Losing Visual Needles in Image Haystacks: Vision Language Models are Easily Distracted in Short and Long Contexts
Aditya Sharma, Michael Saxon, William Yang Wang
TL;DR
LoCoVQA introduces a dynamic benchmark for long-context visual reasoning, systematically testing extractive attention by surrounding a content image with distractor images in both composed and interleaved formats. Across OK-VQA, MMStar, and MNIST-derived tasks, a robust logarithmic decay in VLM performance emerges as visual context grows, revealing a fundamental difficulty in ignoring irrelevant images. The study uncovers positional biases in interleaved inputs and demonstrates that even top proprietary models struggle with basic extraction tasks in long contexts, highlighting gaps in training objectives that do not emphasize cross-image attention. By generalizing to any VQA dataset, LoCoVQA offers a practical, scalable path to diagnose and improve long-context multimodal reasoning in current and future vision-language models.
Abstract
We present LoCoVQA, a dynamic benchmark generator for evaluating long-context extractive reasoning in vision language models (VLMs). LoCoVQA augments test examples for mathematical reasoning, VQA, and character recognition tasks with increasingly long visual contexts composed of both in-distribution and out-of-distribution distractor images.

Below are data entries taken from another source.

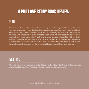- CONFLICT/ RESOLUTION: Since the story focuses on Bao and Linh, the book centers on their respective internal/external conflicts within their chapter POV. They both discover new things about themselves, their motivations, and their families and understand them all in the story’s progression. One critique I have is how the family feud that began with their families stemmed from miscommunication.
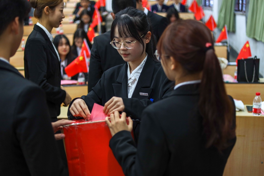 隨后,大會(huì)選舉新一屆學(xué)生會(huì)主席團(tuán),大會(huì)本著民主、公開、公正的原則,采用無記名差額選舉的投票方式選舉,通過選舉李彥鵬、翁杰宇、蔡意珍為第一次學(xué)生代表大會(huì)的學(xué)生會(huì)主席團(tuán)。
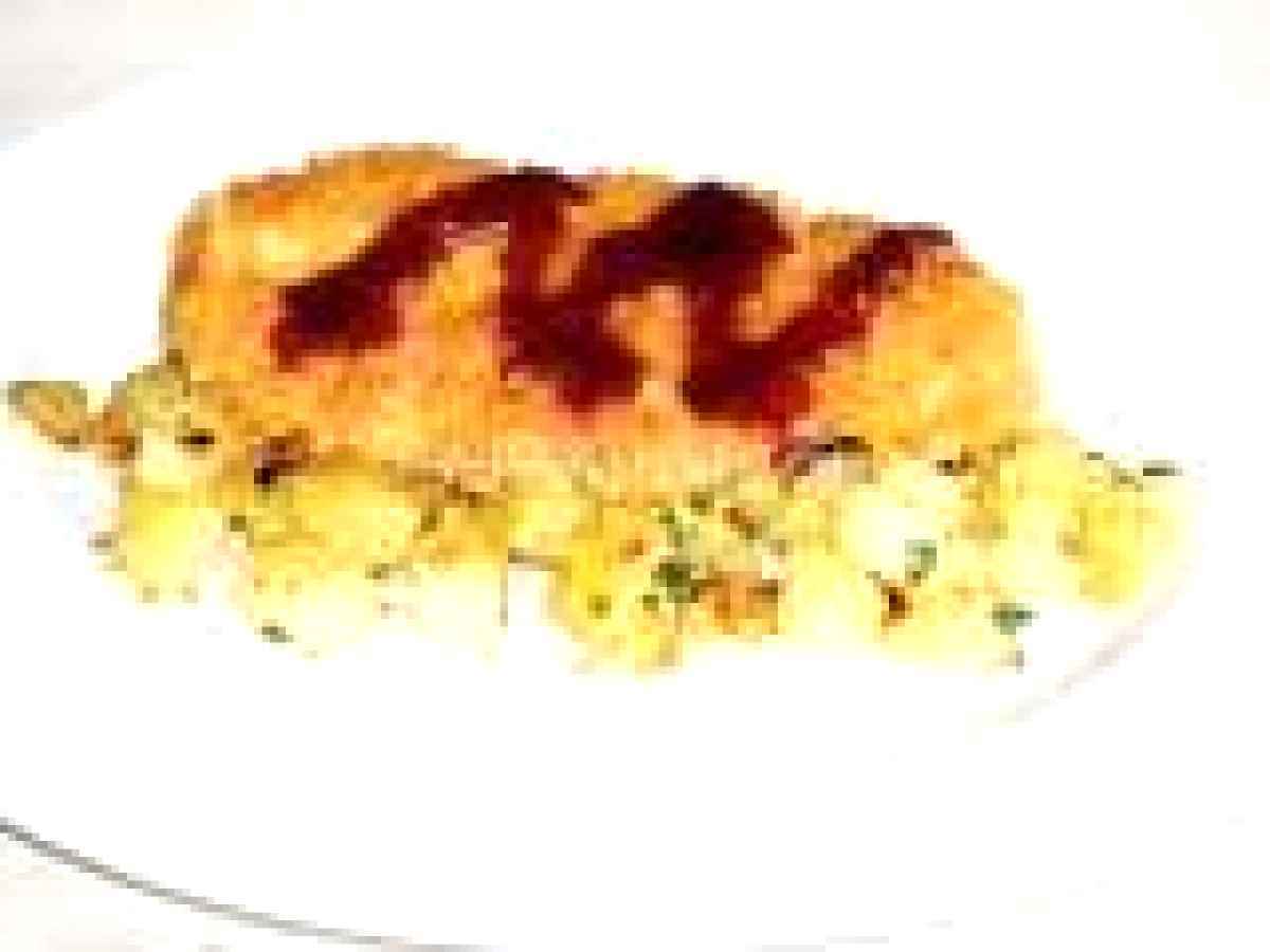 Chicken katsu e un ?ni?el japonez din piept de pui servit cu sos Tonkatsu. Acum traducerea: Tonkatsu este ?ni?el f?cut din cotlet de porc, dac? se face din carne de pui se nume?te Chicken katsu. El se deosebe?te de ?ni?elul obi?nuit prin faptul c? în loc de pesmet se folose?te Panko. Panko se poate face din miez de pâine toast r?zuit ?i l?sat la uscat. Se ob?in astfel buc??i mai mari decât în cazul pesmetului, care prin pr?jire devin foarte crocante. Sosul Tonkatsu este asem?n?tor cu sosul Worcestershire, fiind f?cut pe baz? de piure de mere. În Japonia Tonkatsu se serve?te cu sosul cu acela?i nume ?i varz? proasp?t? t?iat? feliu?e foarte sub?iri, între felii de pâine sau cu orez, ca parte a unui meniu.
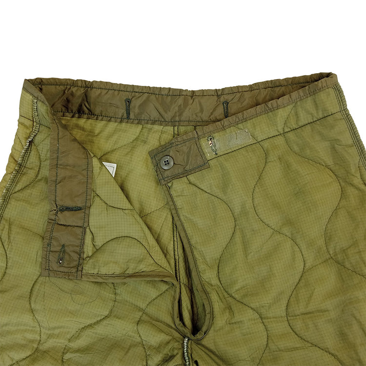 Like a woobie for your legs, these liners have a quilted construction, sandwiching a polyester filling between a nylon outer. The knees have a pleated design for comfortable movement and the crotch is unfastened - maybe not great for wearing stand alone like the jacket liners. These trouser liners are designed to button into US M65 Cold Weather Trousers so check if your M65's have buttons in the interior waist or get crafty and attach these liners to your go-to winter pantaloons.
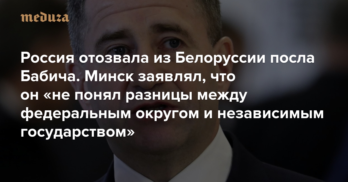 Россия отозвала из Белоруссии посла Бабича. Минск заявлял, что он «не понял разницы между федеральным округом и независимым государством»
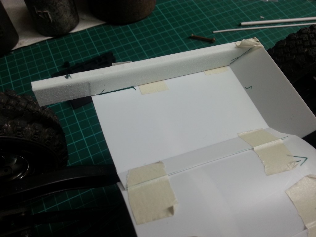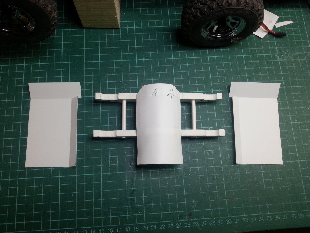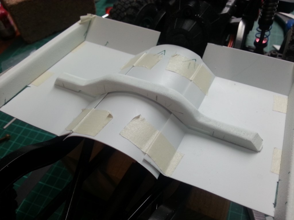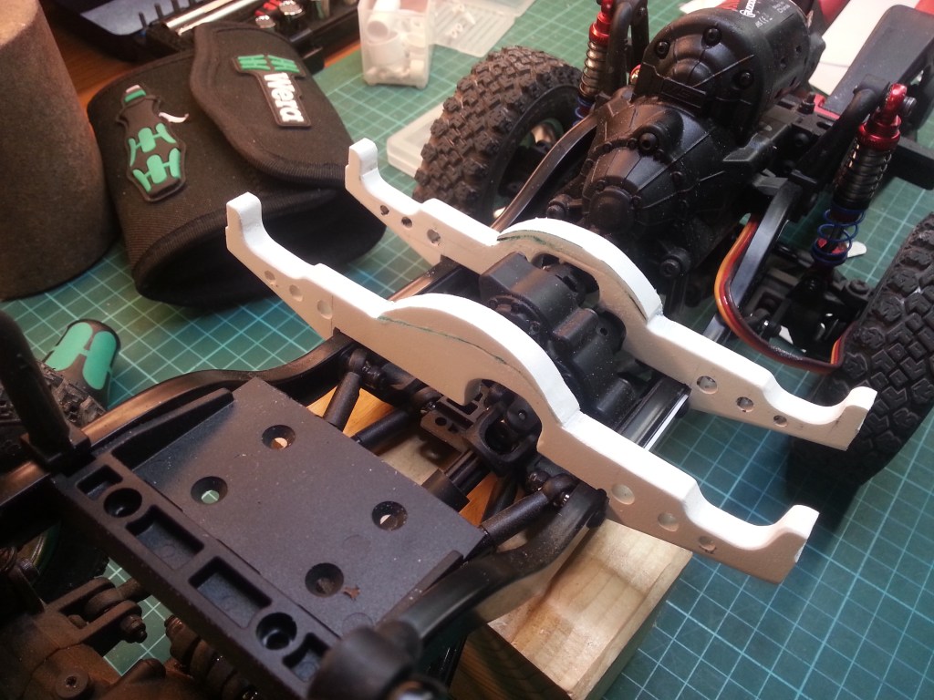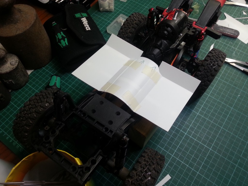 Jetzt war mein Basteltrieb völlig entfacht. Meine ursprüngliche Idee einen Straßen-Crawler zu bauen, stand auf der Kippe. Das nachfolgende Zwischenergebnis, könnte der Weg zu einem sportlichen Jeep Wrangler werden, gänzlich ohne Inneneinrichtung. Das habe ich ja auch schon beim Comanche Truggy in Arbeit. Der Reiz etwas zu bauen, was es in der Form nicht oft gibt, brennt wieder in mir…

Across these tasks, a diverse set of VLMs rapidly lose performance as the visual context length grows, often exhibiting a striking logarithmic decay trend. This test assesses how well VLMs can ignore irrelevant information when answering queries -- a task that is quite easy for language models (LMs) in the text domain -- demonstrating that current state-of-the-art VLMs lack this essential capability for many long-context applications.